The box growled. "The Machine is aware of these basic physical facts," sang Sister Delta Four melodiously.

"Add these further facts," said Harry Hickson gravely. "Add a fu-sorian network, older than the galaxy, more powerful than any machine. Add that masses of superenergetic gas display an affinity to this fusorian network. Add that these masses of gas are those systems in which electron spin can function as a storage capacity."

The girl bent to her linkbox, then looked up. "The Machine states that you are describing stars," she intoned.

And Harry Hickson nodded slowly. His glowing, golden arm lifted and made the looping, serpentine sign of the Swan.

"The Star that I serve," he said softly.

The box snarled. "These being so," sang Sister Delta Four, "the Machine computes that the gaseous mass of a star, linked with the fusorian network you describe, is easily an available vehicle for intelligence."

She looked up at Hickson.

Hickson nodded once more, and said solemnly, "All matter is now revealed to be an available vehicle for intelligence. The whole mass of the steady-state universe, infinite in both space and time, is now revealed to be a proper vehicle for the mind of God."

The linkbox buzzed angrily and Sister Delta Four chanted, "The Machine requires an answer. What is God?"

Harry Hickson rose slowly. Looking at his glowing, golden face, Gann thought he saw the signs of an ancient stress, a terrible burden, slipping away. Whatever his duty had been, he seemed to have fulfilled it. Monitoring the Machine in the Togethership, carrying out the terrible obligations of his masters, the stars, he seemed to have completed all his tasks.

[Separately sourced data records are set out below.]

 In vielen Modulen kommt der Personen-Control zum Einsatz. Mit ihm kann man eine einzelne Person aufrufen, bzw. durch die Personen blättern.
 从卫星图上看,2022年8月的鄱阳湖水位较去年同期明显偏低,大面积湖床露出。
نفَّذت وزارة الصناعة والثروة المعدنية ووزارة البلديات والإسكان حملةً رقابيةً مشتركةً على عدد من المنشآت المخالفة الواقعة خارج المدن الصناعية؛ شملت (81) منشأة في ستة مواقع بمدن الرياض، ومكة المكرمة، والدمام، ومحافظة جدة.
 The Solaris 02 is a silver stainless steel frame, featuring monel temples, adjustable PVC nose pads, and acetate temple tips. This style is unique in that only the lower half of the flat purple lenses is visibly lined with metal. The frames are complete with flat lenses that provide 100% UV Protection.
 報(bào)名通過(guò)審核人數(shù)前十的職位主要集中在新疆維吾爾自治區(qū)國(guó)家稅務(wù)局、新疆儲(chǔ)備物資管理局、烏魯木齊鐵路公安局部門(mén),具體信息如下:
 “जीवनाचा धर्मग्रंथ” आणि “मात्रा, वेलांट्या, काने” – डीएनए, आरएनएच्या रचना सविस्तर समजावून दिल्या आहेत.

He turned to Gann, with something in his eyes like sympathy. He said, "You have called me the Starchild, Boysie Gann. I am not."

He took the pyropod from his head, stroked it gently and tossed it free. Squalling and hissing angrily, it darted about on its flaming jet, trying to return to its perch atop his head. But he raised a golden arm and warded it off, and the tiny, ugly creature squalled again, circled him at high velocity, and shot away—out the door, down into the long, wide corridor of the ship.